Com o impeachment de Dilma Rousseff - cujo julgamento chega à reta final - há uma grande probabilidade de se encerrar o padrão de competição política que prevaleceu no Brasil nas duas últimas décadas. Para o cientista político Octavio Amorim, da Fundação Getulio Vargas (FGV-Rio), a polarização entre PT e PSDB tende a se esvaziar na medida em que o PMDB ocupar o centro da cena, com a efetivação de Michel Temer no Planalto.

O destino do PT, afirmou em entrevista ao Valor PRO, serviço de informação em tempo real do Valor, é se tornar um partido pequeno ou médio, na próxima legislatura, como era antes de chegar ao poder central, em 2003. As grandes resistências a Temer estão na própria base aliada, especialmente o PSDB, cujos interesses maiores voltam-se para a sucessão do pemedebista.

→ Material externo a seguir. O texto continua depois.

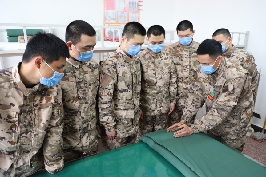 入營的新戰友們即將擁有自己的專屬“豆腐塊”,他們認真觀摩學習班長演示內務標準,立志向標準看齊!

A condescendência do mercado financeiro e da indústria com o claudicante ajuste fiscal - ainda que não ilimitada - deve permanecer, pelas "profundas afinidades ideológicas" com o novo governo. "Investidores e empresários não têm muito para onde correr politicamente", diz.

Para Amorim, a articulação de uma anistia para envolvidos na Operação Lava-Jato tem o potencial de se tornar um "desastre político". E a imagem que o impeachment deixará na história - se golpe ou um processo legítimo - ainda será alvo de uma longa disputa. "As grandes batalhas são travadas duas vezes. A primeira, pelos soldados; a segunda, pelos historiadores", cita Amorim. A seguir, leia a entrevista:

 

Valor: Que ameaças há à maioria legislativa de Michel Temer?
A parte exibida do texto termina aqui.